In 1992, I was twenty-two, hard bitten before my years, and entitled to a cynicism which I didn’t rightfully earn. I looked toward an uncertain future and a horizon that scrolled further away as I came near. Will I be famous before thirty? Am I the one who will change the world? How can I get that dark haired hippie chick in the Phish t-shirt and hemp ankle bracelet’s phone number?
There was one truth about dating in the 90’s—a young man with long, straight hair had twice the chance of getting laid than a guy who did not. A friend of mine with long, chestnut hair would approach his inevitable conquest, smile, throw his hair back and leave the bar with her while I was still ordering drinks.
Until he cut his hair short after an argument with his father. Then he looked like a carnival tilt-a-whirl operator who cleaned up for a court date.
I too had long hair. Hair that radiated in uneven patches like blackened cotton candy. Florida’s open air sauna puffed out my do, and split ends made it fray even more. My hair was long not because I wanted patchouli-scented girls to look my way. My hair was long because I was a true rebel.
I may have been on academic suspension from community college, but it was because my genius couldn’t be quantified by a grade point. My interest in a class couldn’t be graded on how often I showed up—I was Gen X, the undecided major in the school of life.
Even at my job sacking groceries at Albertsons , the shoppers were ignorant of the threat I posed to their canned and processed reality. Of course I didn’t follow the training video’s advice on how to properly bag groceries. Cold with cold, hot with hot? I desegregated food and packaged it according to themes and yet unheard of concepts.
I packed Roach Motels with your store brand French Vanilla ice cream as a play on Kafka’s Metamorphosis and the bourgeois meaningless of life. I packaged a bachelor’s single can of Beanie Weenies in the largest 20 lbs. bag to underscore the vast alienation of single adulthood.
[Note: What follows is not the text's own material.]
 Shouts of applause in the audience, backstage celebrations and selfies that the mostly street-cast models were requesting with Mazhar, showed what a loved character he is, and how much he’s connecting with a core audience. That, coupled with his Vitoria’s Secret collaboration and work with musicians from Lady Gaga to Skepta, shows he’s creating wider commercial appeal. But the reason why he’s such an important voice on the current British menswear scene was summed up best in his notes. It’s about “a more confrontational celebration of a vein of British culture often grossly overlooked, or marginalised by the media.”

I did a Burroughesque theme by bagging Naked flesh tone stockings with Alphabet Soup. Naked – Lunch. Random word paste up in your mouth. Language is a virus, one that Robitussin can’t cure.
And how were my artistic merits rewarded? Customers reported me to the front end manager, who informed me that I need to follow proper bagging protocols, and I am never to make comments like, “Paper or plastic, like our culture.”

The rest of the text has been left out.